● **Assignment**
Leaving out only the pictures, write out all the entries exactly.

● **Stored data entries**
● ● ● ● ●

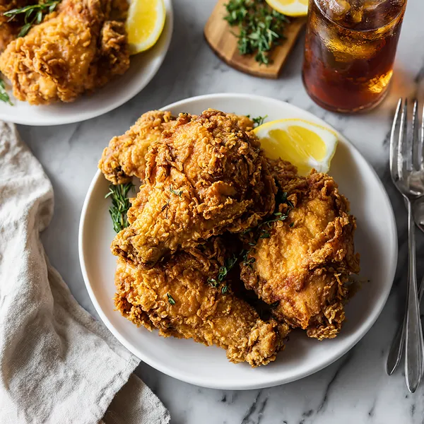 Perfectly seasoned fried chicken features a deeply golden, crunchy crust that gives way to juicy, tender meat inside. This classic Southern technique uses a buttermilk marinade and double coating to achieve restaurant-quality flavor and texture at home.
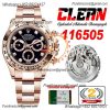 Daytona 116505 SA4130 Automatic Chronograph Mens Watch Best Edition CLEAN V3 RG Black Diamonds Dial 904L Steel Bracelet
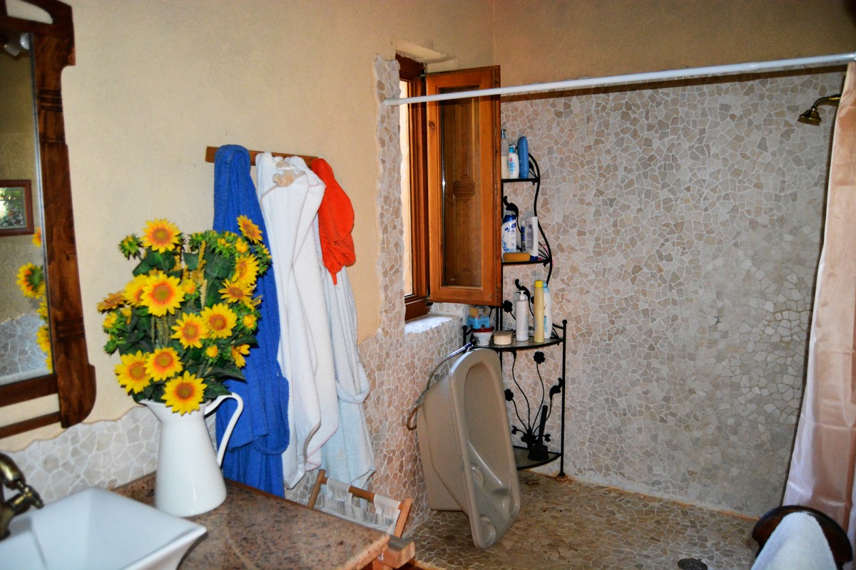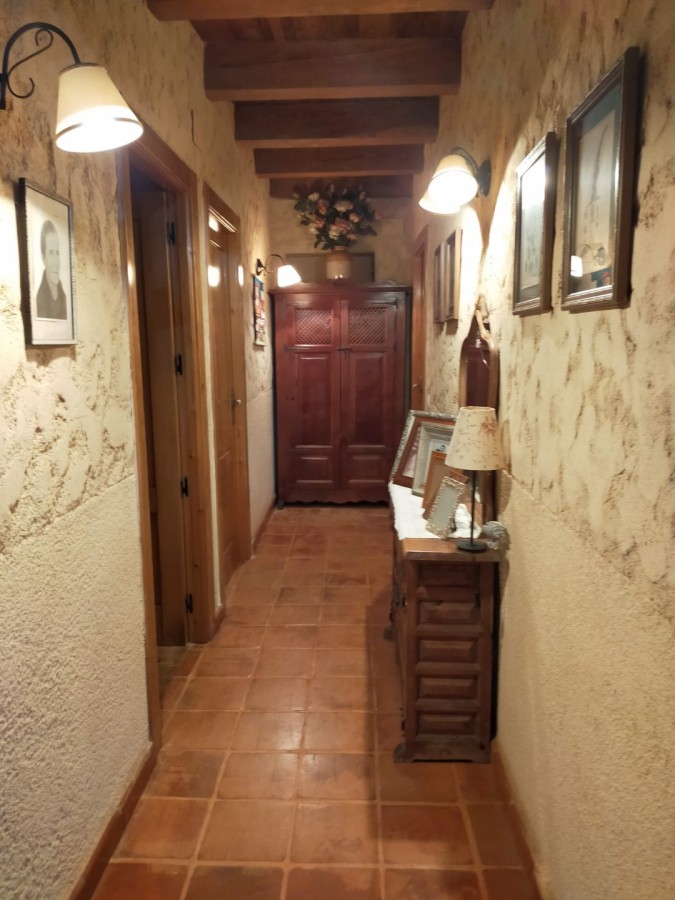 A beautiful 4-bedroomed stone-clad country house just a stone's throw from the sleepy village of Villasbuenas de Gata. Set in 2.5 hectares (7.25 acres) of land with 300 productive olive trees plus oak and cork trees, this is the ideal house for a couple or a family who are looking for peace and quiet but wish to be involved in village life. The house has a 200m2 footprint, a medium-sized kitchen with wood-fired Aga, a separate dining area, a comfortable south-facing living room with woodstove, four medium-sized bedrooms, two bathrooms (one en suite) and a large, bright 75m2 mezzanine with a balcony over-looking the olive grove to the east. The roof beams are made of durable and attractive chestnut wood and is well-insulated for the colder months, the house has mains electricity and there are 2 boreholes, one of which provides up to 3000 litres per day while the other has never been used. Cooking is with electricity in the summer months and a Wood-fired Aga in winter. Water for showers, etc. is heated in a thermos tank. This house is definitely worth a visit and is being sold fully furnished.
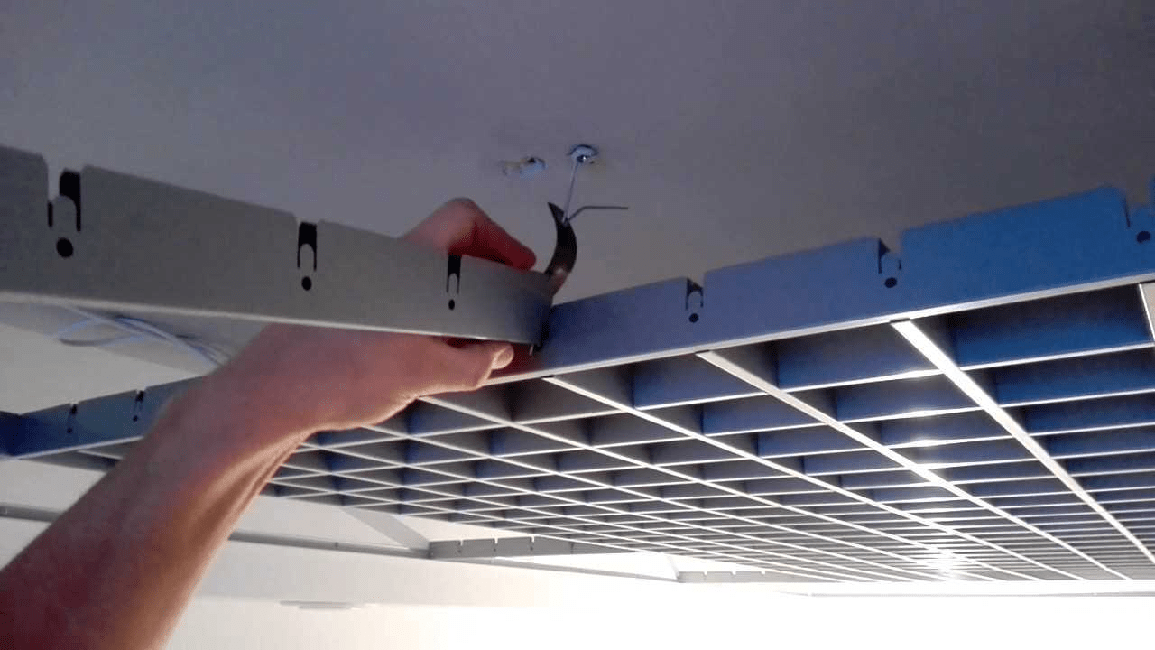 К потолку каркас монтируется на специальных подвесах. Все профили к подвесам закрепляются с помощью обычных шурупов. Когда основа собрана, то можно приступать к монтажу внешнего покрытия — листов оцинкованной стали. В заводском варианте они могут просто вставляться в ячейки каркаса или крепиться дополнительно с помощью специальных защёлок.
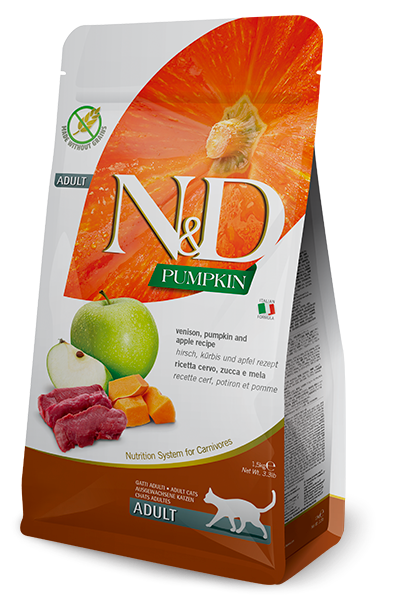 N&D PUMPKIN Geyik, balkabağı ve elma. Yetişkin kediler için tam mamadır. 1.5kg
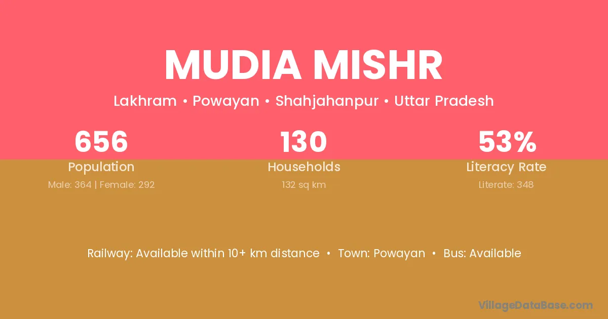 Mudia Mishr village has a total population of 656 people, of which 364 are males and 292 are females.
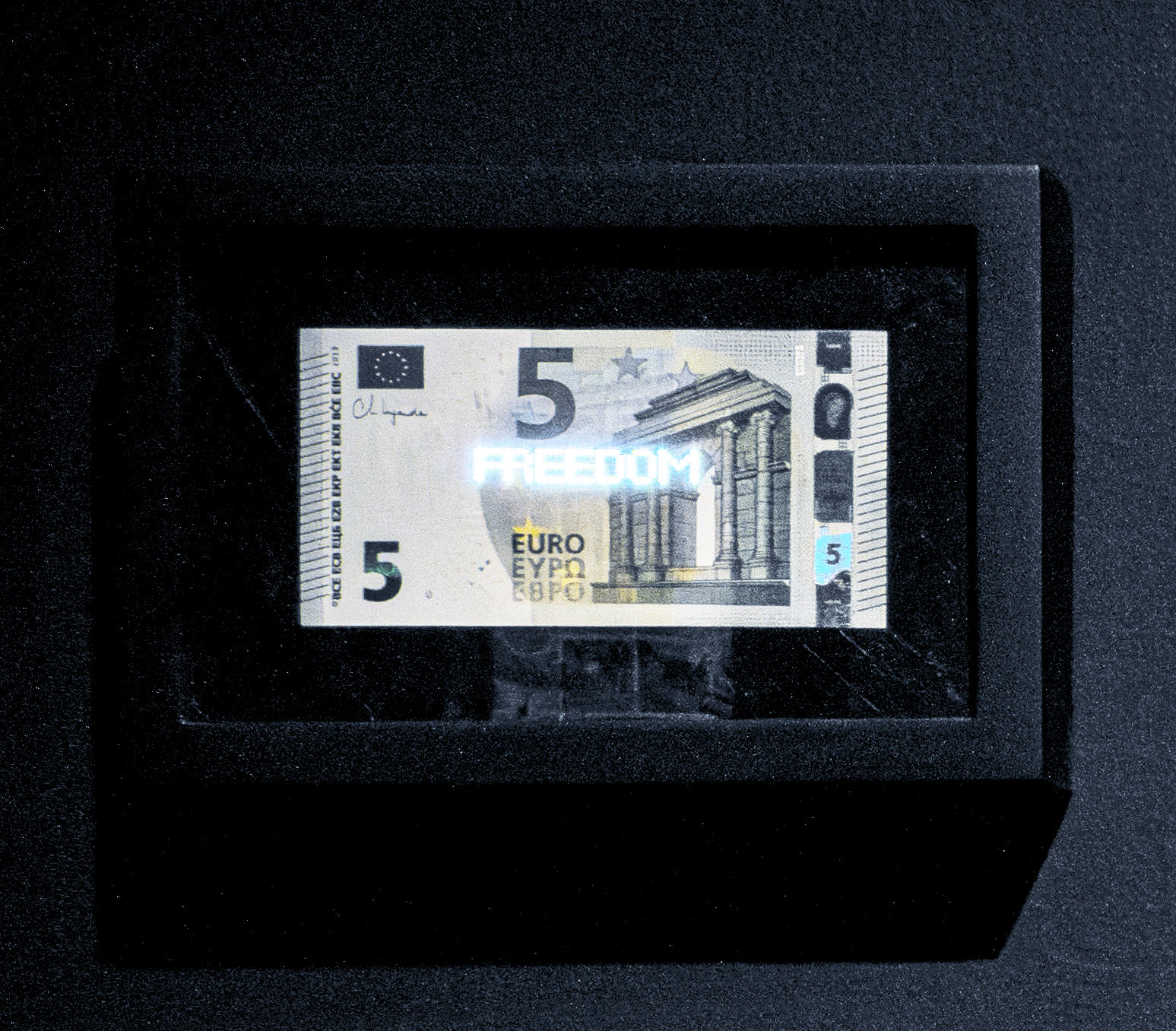 Planetary Values- 5 Euro Bill / (Freedom) is a unique approach to global politics. It focuses on the Euro bill, one of the main currencies in the world economy. This project highlights the most frequently mentioned values from the European Union’s Constitution by using laser cuttings to create perforations in the bills, which are then illuminated by LED lights.
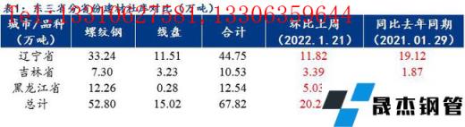 本周東三省建筑鋼材現(xiàn)貨庫存增加較多,增幅明顯超上周,其中螺紋鋼現(xiàn)貨庫存52.8萬噸,線盤15.02萬噸,建材社會(huì)庫存總量為67.82萬噸,較上周增20.24萬噸,增幅高達(dá)42.54%。隨著春節(jié)的臨近,北方下游終端工程進(jìn)入全停工狀態(tài),需求已無,出貨趨零,加之各個(gè)無縫鋼管廠家廠庫前移至市場各倉庫的現(xiàn)貨相對較多,社庫開始大幅度累庫。
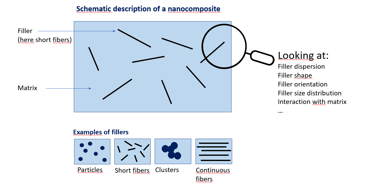 Nanocomposites are a type of composite material in which nanoscale particles or fibres (the filler) consisting of one or more materials are dispersed throughout a bulk (matrix) material. Both the filler(s) and the matrix retain elements of their own bulk material properties, while the nanoscale parameters of the fillers contribute novel properties to the nanocomposite. These parameters include dispersion, shape, orientation and size distribution of the filler particles, as well as their interaction with the bulk matrix.1-4
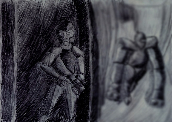 I was planning on finshing both of these before showing them, but I need textures and some finshing touches on some of the buildings in the street, and a head for the figure. Also, probably some fixing up too, there's a fair bit wrong with it...The figure is going to be a basic referance that can be molded into characters I want to make. The street is going to be the second of my cities, a grimmer part of the same city in Trench.
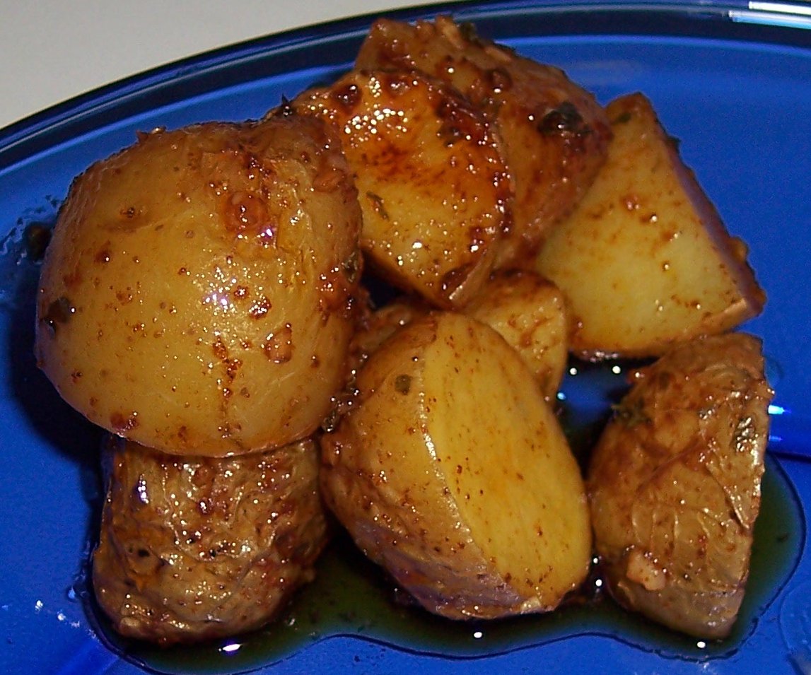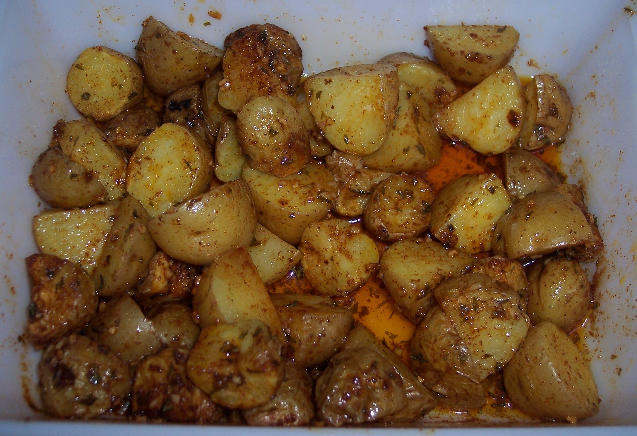 6 small red potatoes, quartered 1?4 cup butter, melted 1 teaspoon seasoning salt 1 teaspoon paprika 1 teaspoon dried parsley flakes 1 teaspoon minced garlic

● ● ● ● ●

● **Completed exercise**
 Perfectly seasoned fried chicken features a deeply golden, crunchy crust that gives way to juicy, tender meat inside. This classic Southern technique uses a buttermilk marinade and double coating to achieve restaurant-quality flavor and texture at home.
 Daytona 116505 SA4130 Automatic Chronograph Mens Watch Best Edition CLEAN V3 RG Black Diamonds Dial 904L Steel Bracelet
 A beautiful 4-bedroomed stone-clad country house just a stone's throw from the sleepy village of Villasbuenas de Gata. Set in 2.5 hectares (7.25 acres) of land with 300 productive olive trees plus oak and cork trees, this is the ideal house for a couple or a family who are looking for peace and quiet but wish to be involved in village life. The house has a 200m2 footprint, a medium-sized kitchen with wood-fired Aga, a separate dining area, a comfortable south-facing living room with woodstove, four medium-sized bedrooms, two bathrooms (one en suite) and a large, bright 75m2 mezzanine with a balcony over-looking the olive grove to the east. The roof beams are made of durable and attractive chestnut wood and is well-insulated for the colder months, the house has mains electricity and there are 2 boreholes, one of which provides up to 3000 litres per day while the other has never been used. Cooking is with electricity in the summer months and a Wood-fired Aga in winter. Water for showers, etc. is heated in a thermos tank. This house is definitely worth a visit and is being sold fully furnished.
 К потолку каркас монтируется на специальных подвесах. Все профили к подвесам закрепляются с помощью обычных шурупов. Когда основа собрана, то можно приступать к монтажу внешнего покрытия — листов оцинкованной стали. В заводском варианте они могут просто вставляться в ячейки каркаса или крепиться дополнительно с помощью специальных защёлок.
 N&D PUMPKIN Geyik, balkabağı ve elma. Yetişkin kediler için tam mamadır. 1.5kg
 Mudia Mishr village has a total population of 656 people, of which 364 are males and 292 are females.
 Planetary Values- 5 Euro Bill / (Freedom) is a unique approach to global politics. It focuses on the Euro bill, one of the main currencies in the world economy. This project highlights the most frequently mentioned values from the European Union’s Constitution by using laser cuttings to create perforations in the bills, which are then illuminated by LED lights.
 本周東三省建筑鋼材現(xiàn)貨庫存增加較多,增幅明顯超上周,其中螺紋鋼現(xiàn)貨庫存52.8萬噸,線盤15.02萬噸,建材社會(huì)庫存總量為67.82萬噸,較上周增20.24萬噸,增幅高達(dá)42.54%。隨著春節(jié)的臨近,北方下游終端工程進(jìn)入全停工狀態(tài),需求已無,出貨趨零,加之各個(gè)無縫鋼管廠家廠庫前移至市場各倉庫的現(xiàn)貨相對較多,社庫開始大幅度累庫。
 Nanocomposites are a type of composite material in which nanoscale particles or fibres (the filler) consisting of one or more materials are dispersed throughout a bulk (matrix) material. Both the filler(s) and the matrix retain elements of their own bulk material properties, while the nanoscale parameters of the fillers contribute novel properties to the nanocomposite. These parameters include dispersion, shape, orientation and size distribution of the filler particles, as well as their interaction with the bulk matrix.1-4
 I was planning on finshing both of these before showing them, but I need textures and some finshing touches on some of the buildings in the street, and a head for the figure. Also, probably some fixing up too, there's a fair bit wrong with it...The figure is going to be a basic referance that can be molded into characters I want to make. The street is going to be the second of my cities, a grimmer part of the same city in Trench.
 6 small red potatoes, quartered 1?4 cup butter, melted 1 teaspoon seasoning salt 1 teaspoon paprika 1 teaspoon dried parsley flakes 1 teaspoon minced garlic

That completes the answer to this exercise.